I closed my eyes recalling the moments I shared with Ryuzaki. For once in my life, I actually felt something. I actually cared about someone. I was not acting. Despite us being mortal enemies of course. Why did I have to be Kira...

Why did fate make us enemies? Just by  existing we were a threat to each other. Maybe if I didn't pick up that notebook... I hate to admit but I was losing my mind. This notebook... This power... It was driving me crazy at this point. And I was aware. If I kept on...living... I might do something I'd regret.

I could feel my feet dangling down the edge. The wind brushing through my hair. I smiled keeping my eyelids shut. Slowly standing up and spreading my arms. I was finally at the top. But at what cost...

Even since I was a kid, I was tired of all the bad people getting away with everything they do. Murderers, rapists, thieves... I wondered to myself, what kind of justice did this world have for it to come to this? These people were ruining the whole world, turning it into a rotten place. Why did no one try to change this? If god did exist, why wasn't anything done?

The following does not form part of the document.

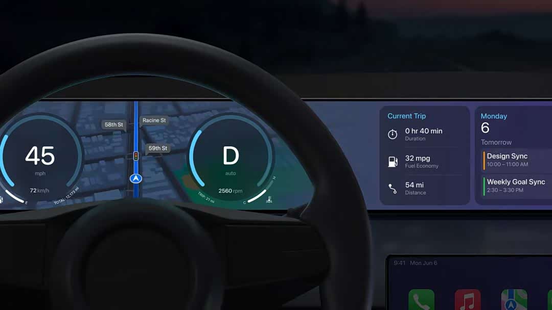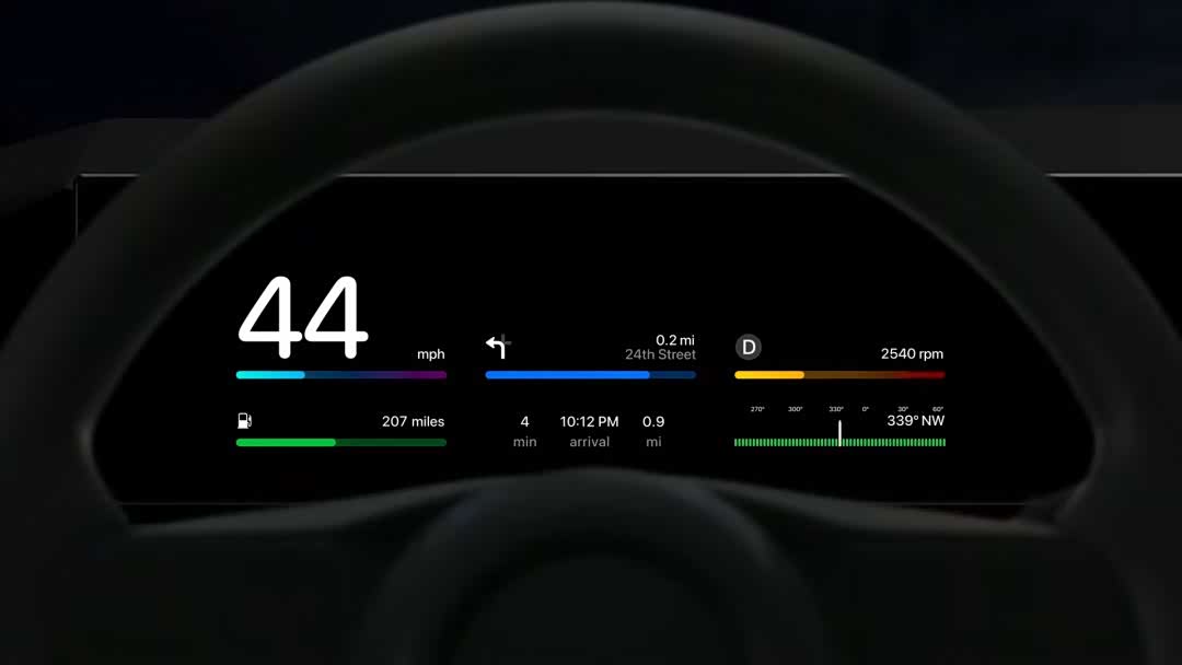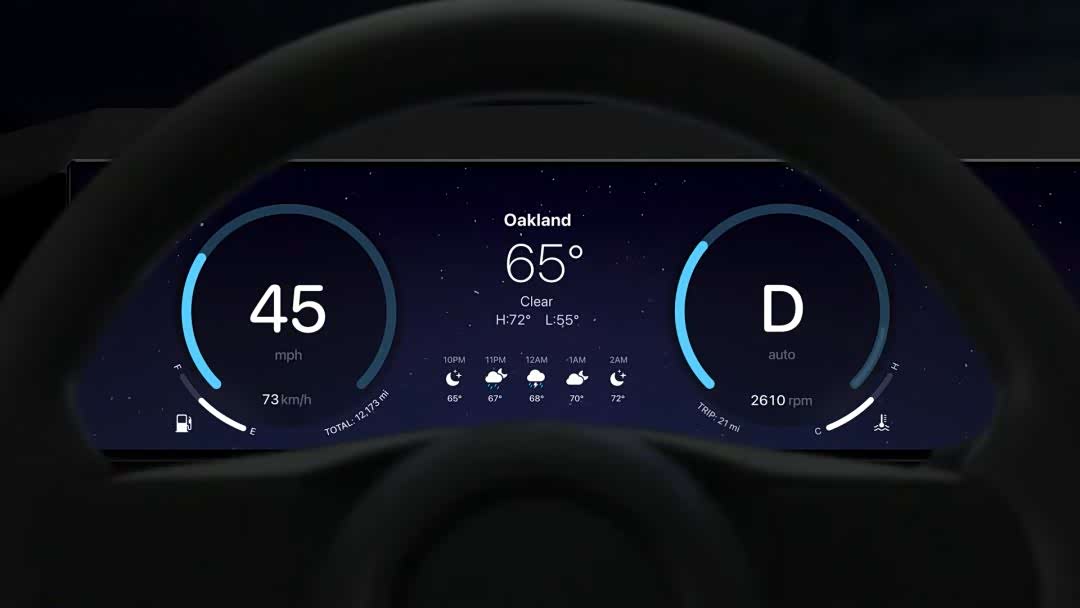 发布会上,我看着苹果展示的那张涵盖驾驶舱的设计图,仪表盘呈现车辆信息,中控屏呈现地图、娱乐和天气信息。一时有些恍惚,很难说这是汽车里配备了苹果的CarPlay软件,还是苹果的软件世界中出现了一款车。

Why did the innocent have to suffer?

I knew from the start that it could've come to this, me turning into a monster. Because of all the people who didn't understand my points. Even L. He insisted he was justice.

But if he was, then why hasn't the world changed when Kira wasn't around? Even if the only reason people stopped doing bad things is because they're scared, atleast the innocent are safe. Because with Kira, they're protected.

With Kira, the world is better.

Because Kira...

...is the new God of the New World.

Maybe I could make L understand. Maybe he could join me...who am I kidding. I know if I keep thinking about saving the world, it all comes back to me having to kill him. He is the only thing that's stopping me.